Turn up the heat to medium high and bring the dish to a simmer until mushrooms are tender, approximately 20 minutes.  Turn the heat off when the mushrooms are cooked and the sauce is reduced sufficiently to nicely coat the noodles.  If you are waiting for the noodles to finish cooking, don’t forget to put your lid on your pot to keep the sauce warm.

While you are simmering your sauce, bring a stockpot of water to boil and cook the noodles according to the package instructions.  When tender, strain the noodles and then pour the hot noodles into your mushroom sauce mixing thoroughly.

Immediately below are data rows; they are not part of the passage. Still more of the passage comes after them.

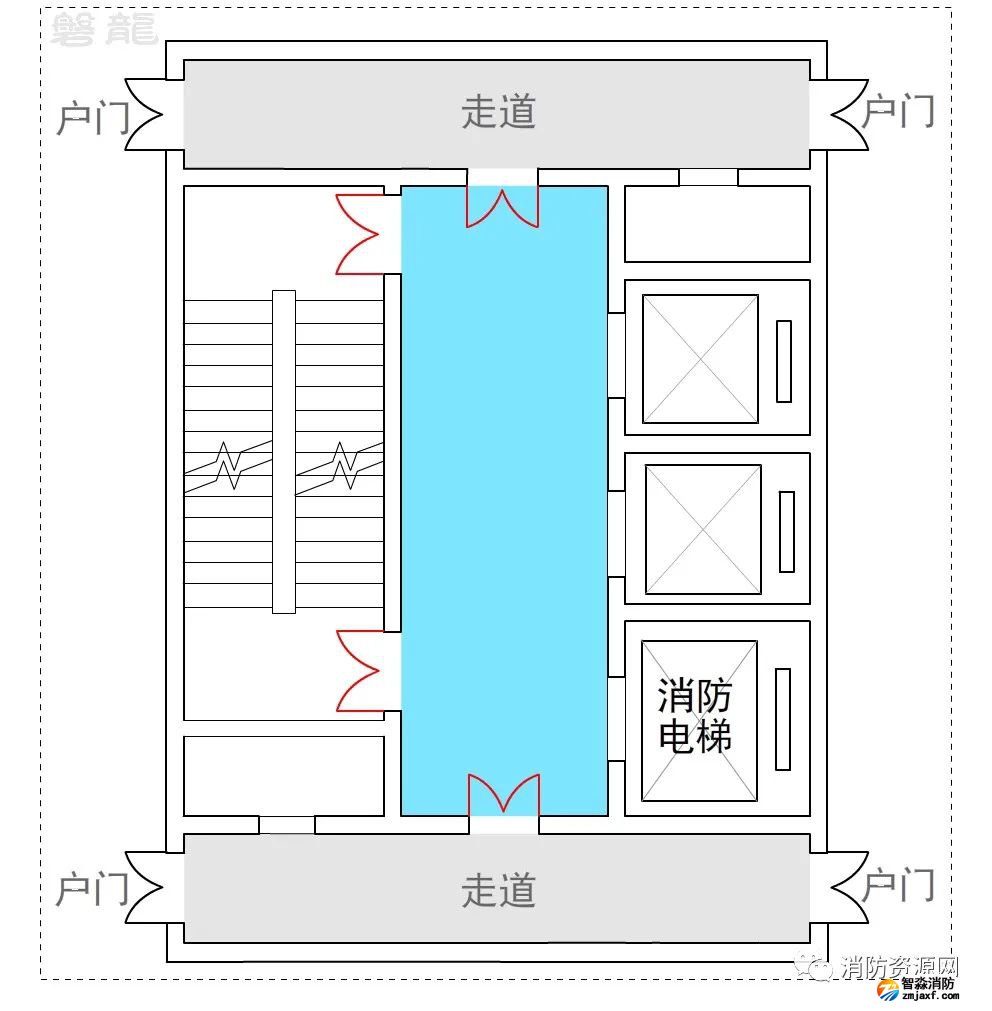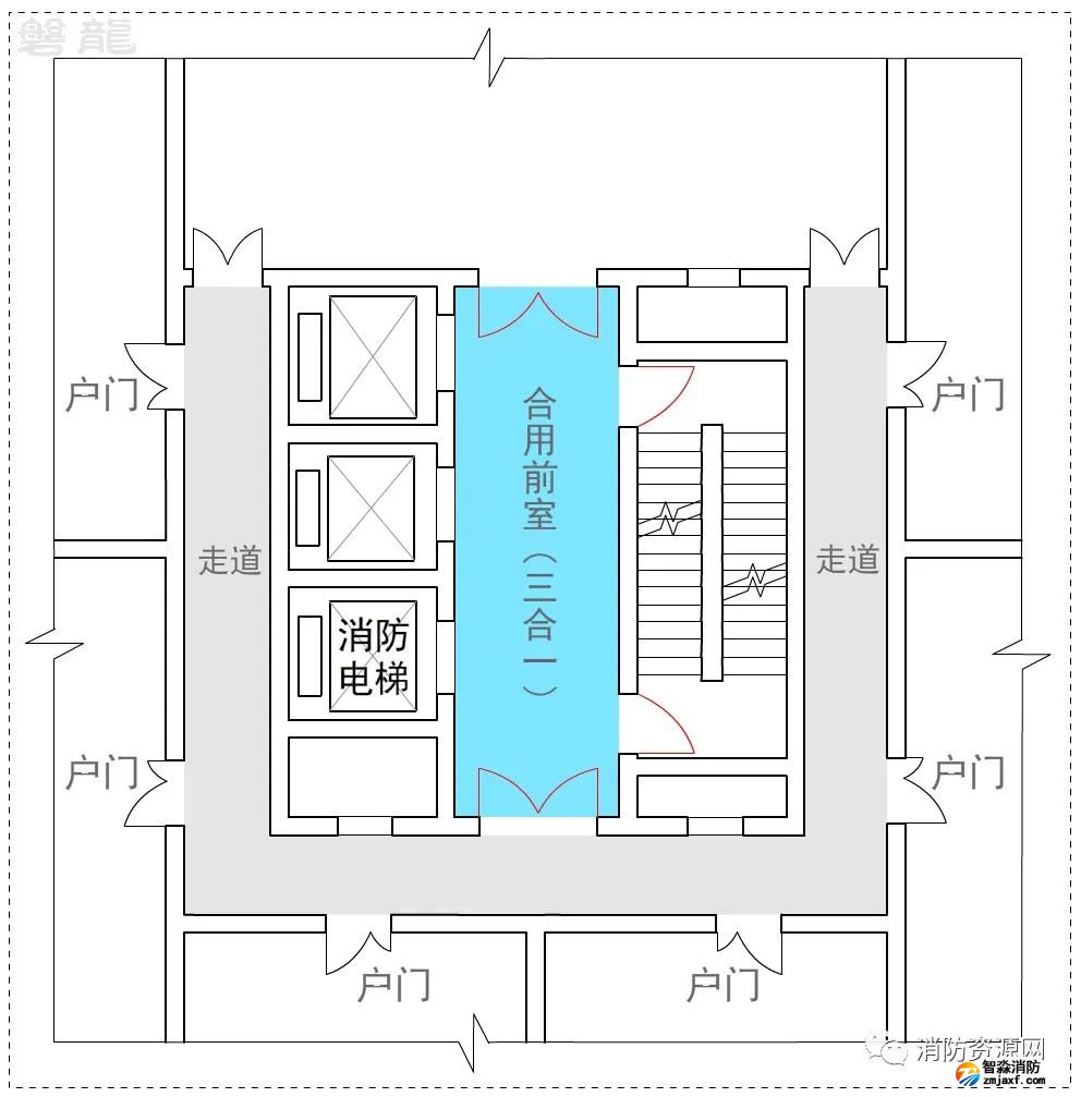 三、公共建筑人員較為繁雜,穿套前室會直接影響消防電梯前室的封閉性能,且人員不一定熟悉現場環境,封閉的消防電梯前室門可能導致疏散盲區,因此,公共建筑不應許可穿套消防電梯前室。
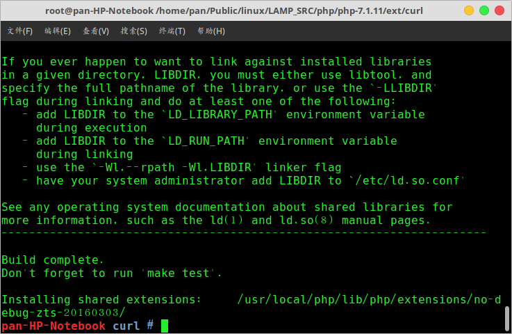 如图所示就是安装成功了,即生成了curl.so文件,位置就在/usr/local/php/lib/php/extensions/no-debug-zts-20160303/目录下,如下图:
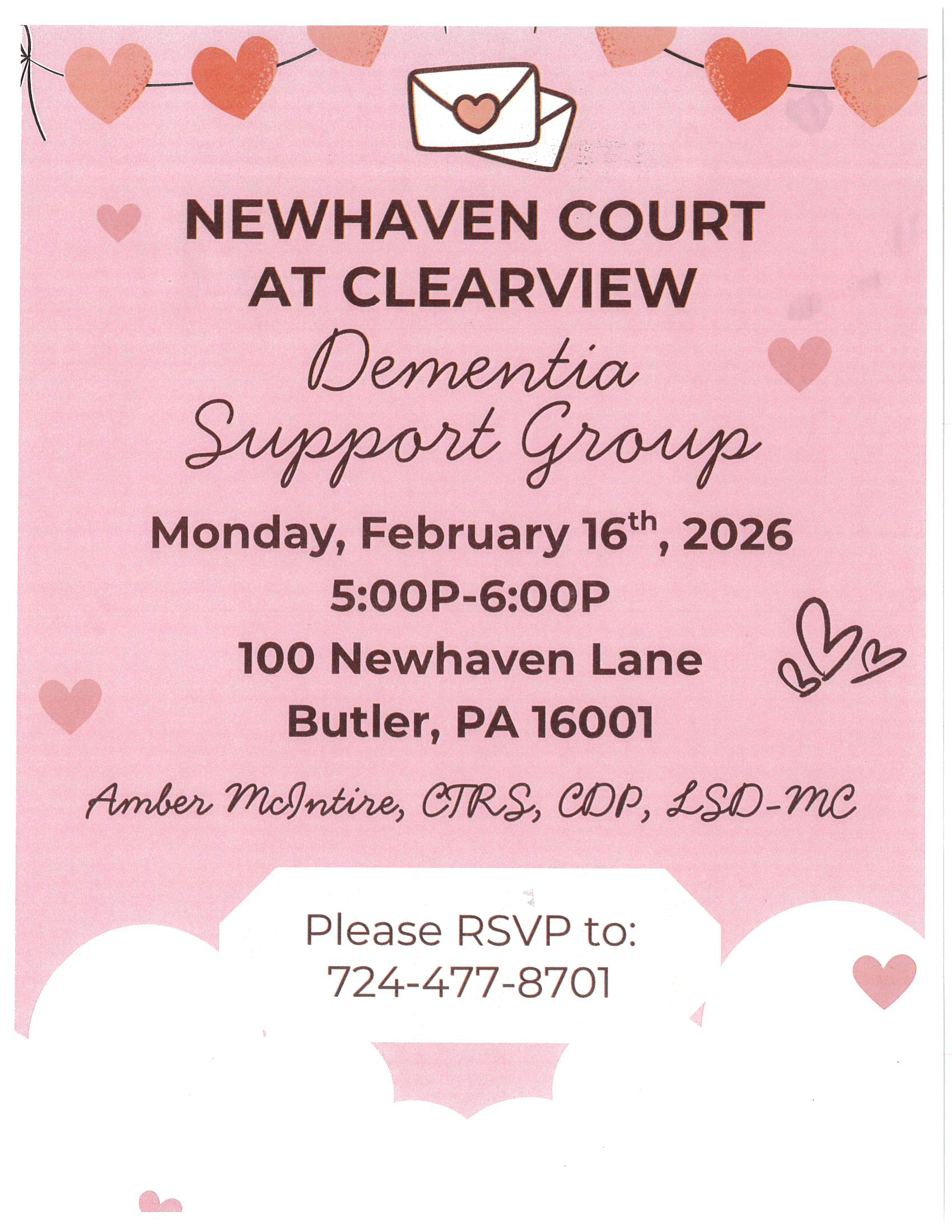 Fill out the form and reserve your spot for February Dementia Support Group
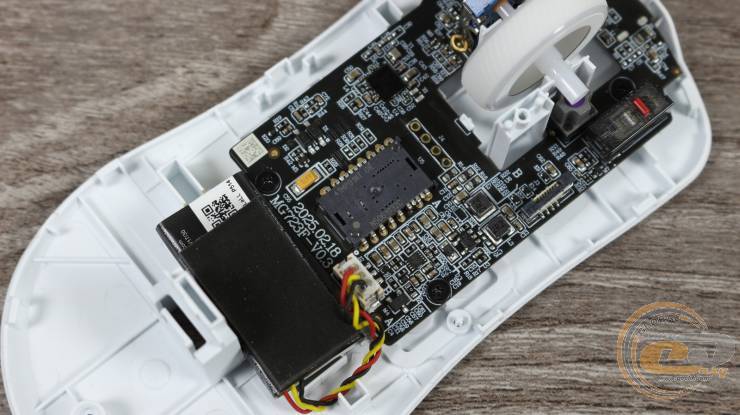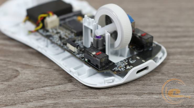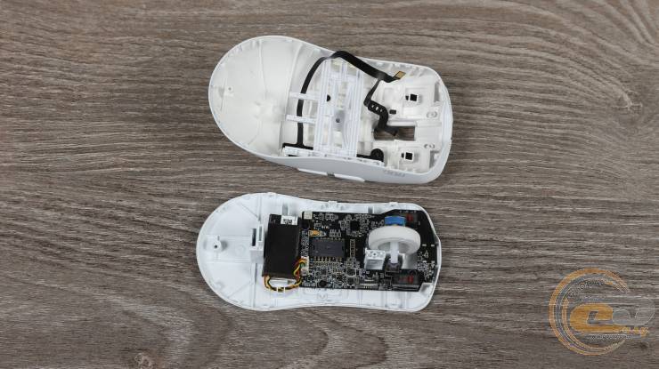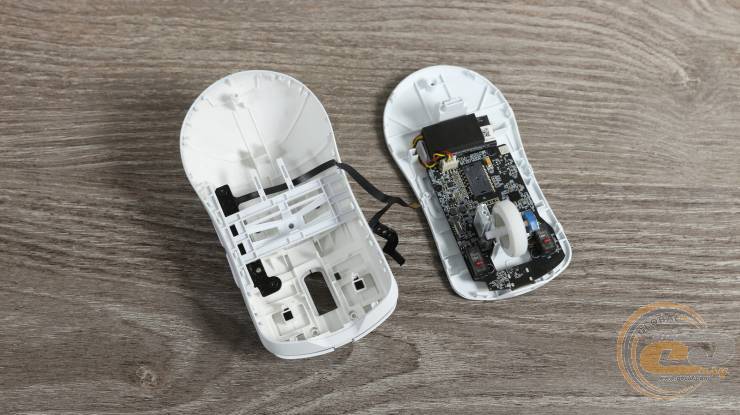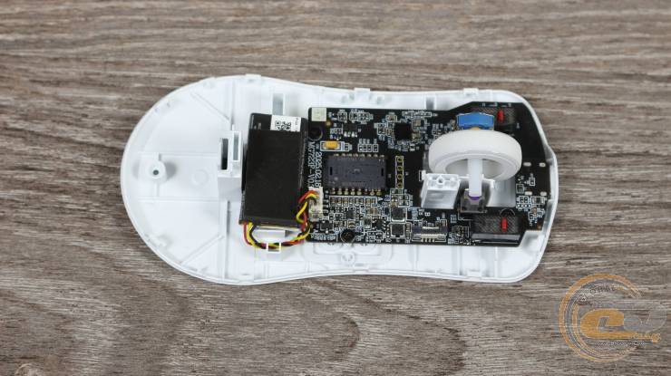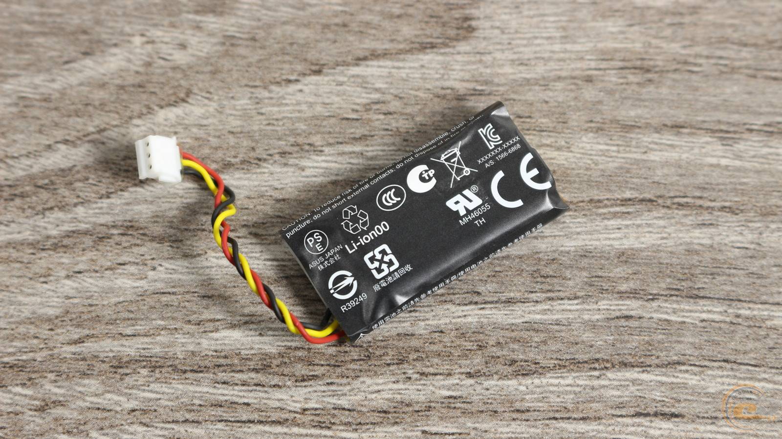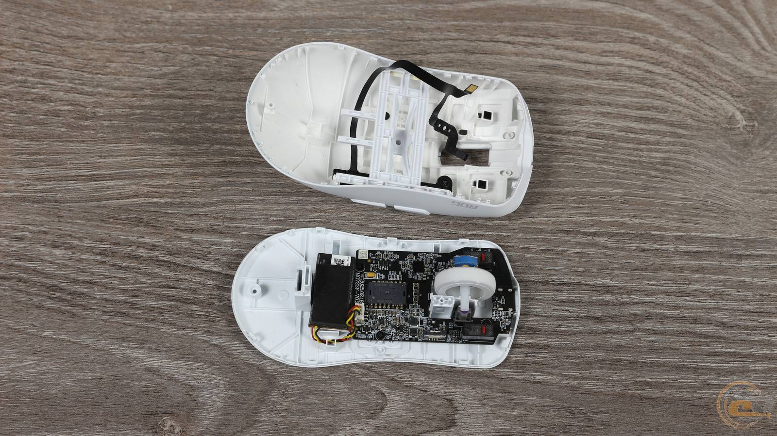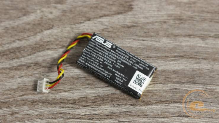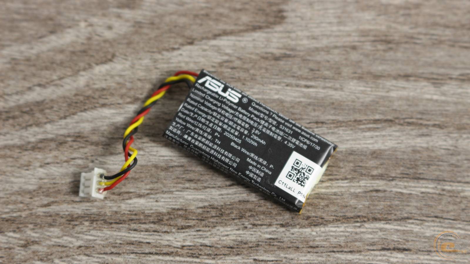 Поряд з платою встановлено компактний акумулятор ємністю 1,102 Вт·год (290 мА·г, 3,8 В), виробництва Guangdong Highpower. Незважаючи на велике лого ASUS, це мінімум, який зазвичай застосовують у мишах такого класу.
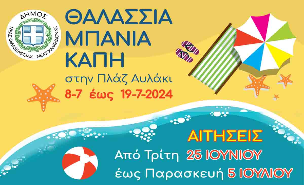 Ξεκίνησε η περίοδος αιτήσεων για τα θαλάσσια μπάνια του Δήμου Νέας Φιλαδέλφειας – Νέας Χαλκηδόνας, που θα πραγματοποιηθούν από 8 έως 19 Ιουλίου 2024.
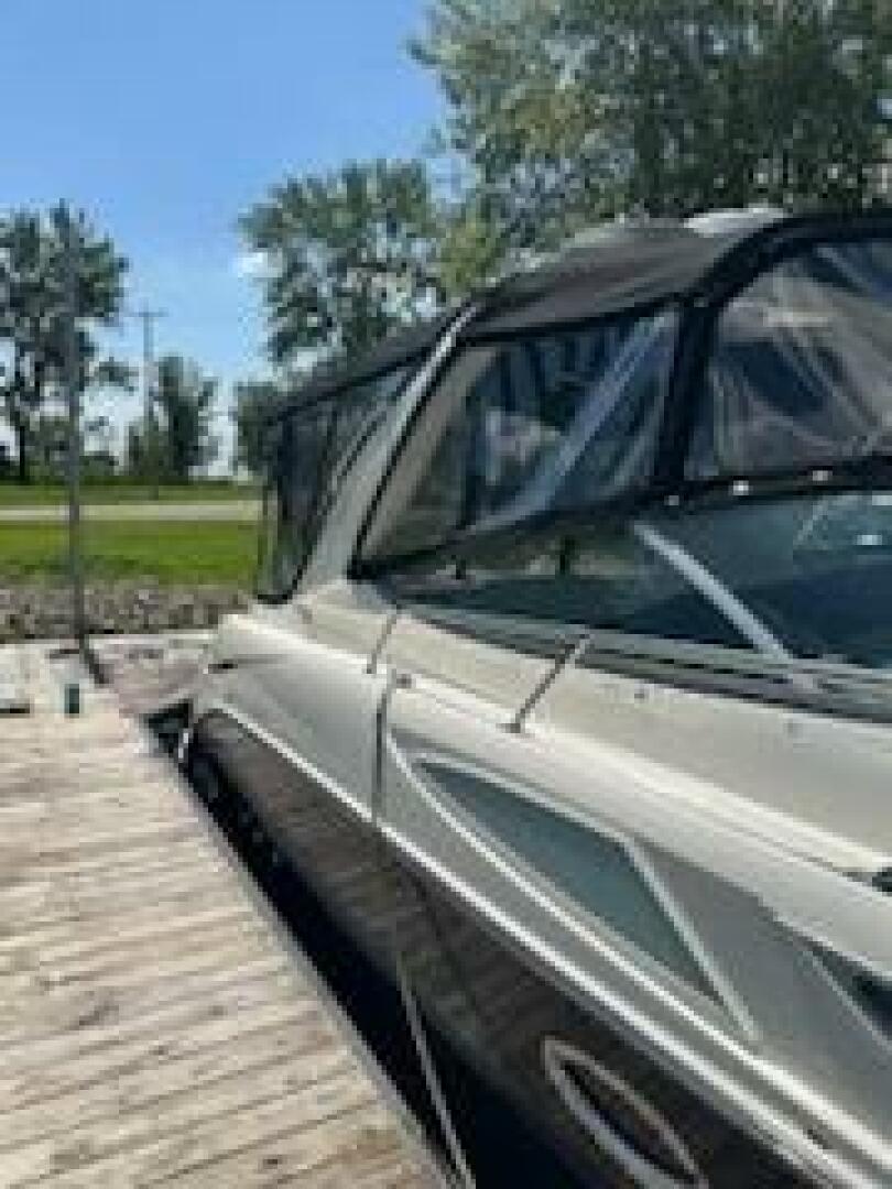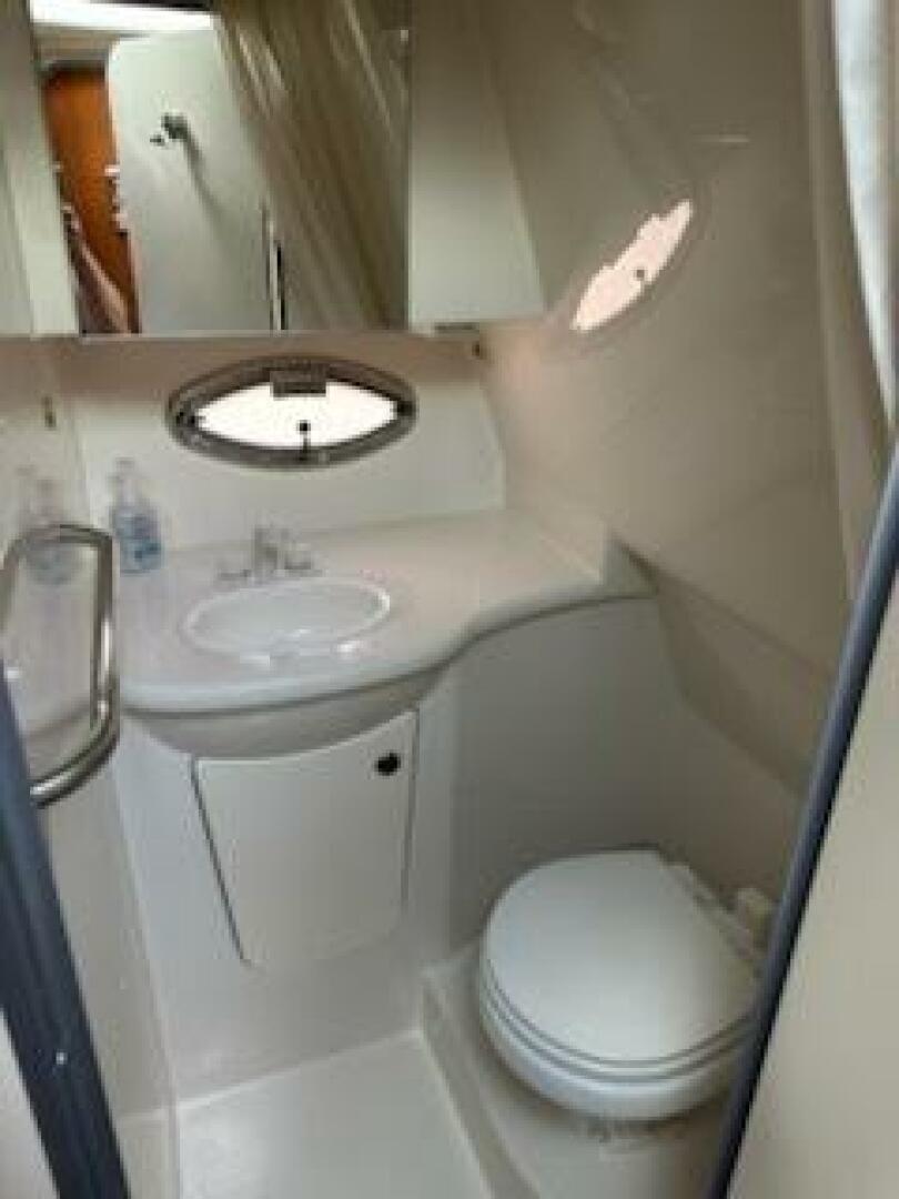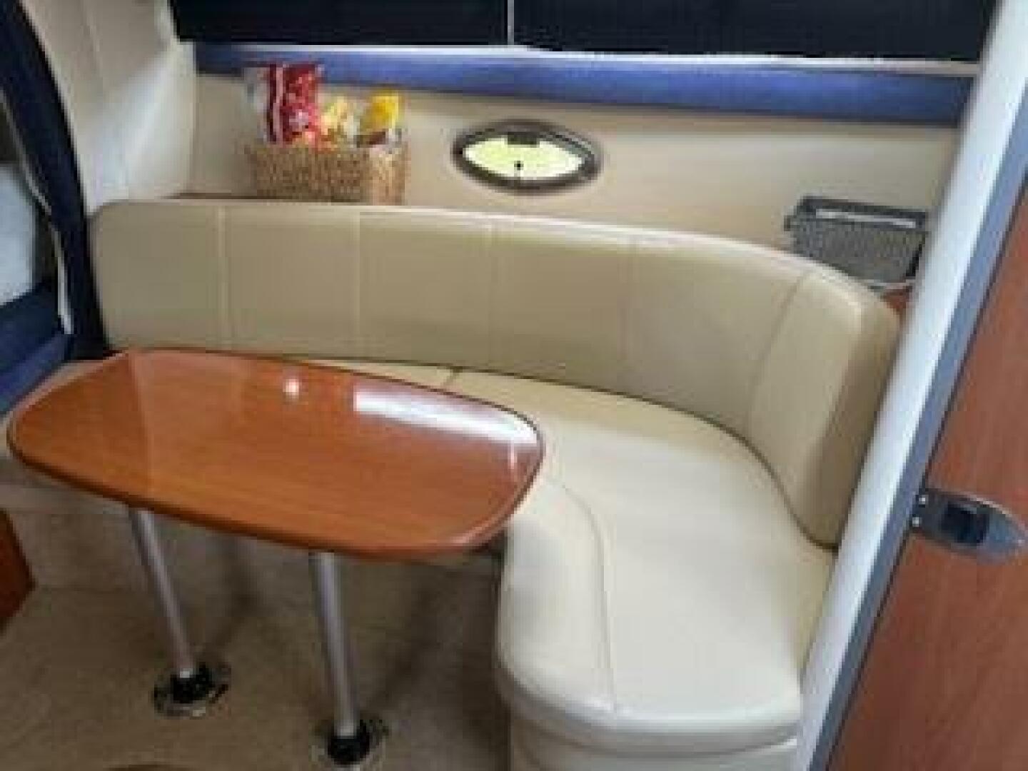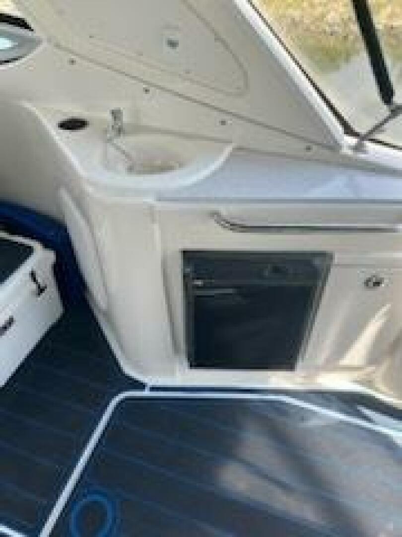 Sleek and spacious mid-size cruiser from Bayliner’s well-regarded 320 series — ideal for weekend escapes or extended stays aboard. Impressive cockpit layout featuring a well-designed helm station, comfortable companion seat, and wrap-around seating with plenty of room for friends and family.
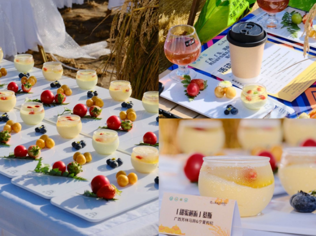 在联名美食展示环节,广西元素成为亮点之一。“桂宁香韵”将广西上思香糯与宁夏见稻村咖啡巧妙融合,探索大米产业新可能;“甜蜜邂逅”以广西芳林马蹄搭配宁夏枸杞慕斯,演绎出独特的东西风味,展现出广西农产品在跨界融合中的潜力。
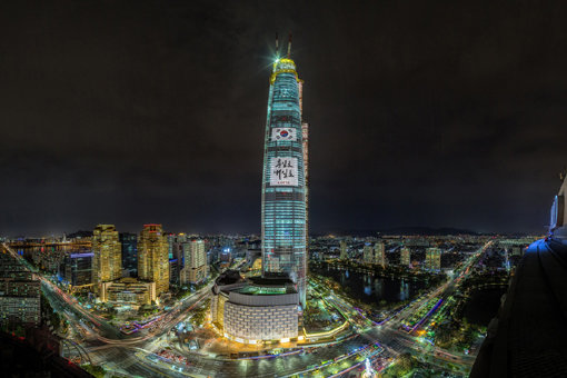 롯데월드타워 운영을 맡고 있는 롯데물산은 벽면에 설치된 태극기에 이은 두 번째 ‘나라사랑 캠페인’으로 캘리그래퍼(글씨 예술가) 강병인씨의 작품 ‘통일로, 내일로’를 설치했다. 가로 42m, 세로 45m로 43층부터 58층까지 총 644개 커튼월(Curtain Wall)에 시공했다. 작품을 설치하기 위해 26일부터 29일까지 추석 연휴 동안 10여 명이 하루 9시간씩 작업했다.

Top with chopped parsley, chopped tomatoes, red pepper flakes, a dollop of sour cream or yogurt or even a fresh gremolata (parsley, garlic and lemon zest minced together).

Serve hot and enjoy!

NOTES AND VARIATIONS

Here’s a note about store-bought broth: if you don’t have to use it, don’t.  It’s loaded with salt and you cannot really control the quality of ingredients or taste. This recipe is perfect made with water.  The onion, celery, and carrot together form a “mirepiox” that when combined with a bay leaf is the basis for a vegetarian broth.  If you need to make a quick broth for another dish, roughly chop a large onion, 2 medium carrots, 2-3 stalks of celery and toss in a pot with a tablespoon or so of olive oil, a pinch of salt and a couple of bay leaves over medium heat. The goal is the volume of carrot and celery together should be equivalent to the volume of onion. Once the onion begins to cook and brown, add 12 cups of water, raise the heat to med-high and allow it to simmer for 45 minutes or more.  Cooking the onion at high enough heat to allow it to brown slightly (without burning) will improve the taste of the broth.  Strain the broth through a colander and use as needed. For creole dishes, use “the [holy] trinity” (onion, green pepper and celery) rather than a mirepoix.

This mushroom sauce would make a great base for lasagna with ricotta and béchamel (veggie or dairy).  It would also be great served with roasted beets and a zesty vinaigrette-tossed spinach salad.  For a one-pot dish, consider tossing a cup of frozen chopped spinach or fresh well-cleaned spinach cut in a nice chiffonade at the end of cooking.  Mix the spinach through the sauce through cover, allowing the spinach to simmer for the last couple of minutes of cooking.  If you would like a spicier dish, add crushed red pepper flakes at the very beginning with the onion and bay leaf.  Start with a teaspoon and learn to adjust for your taste.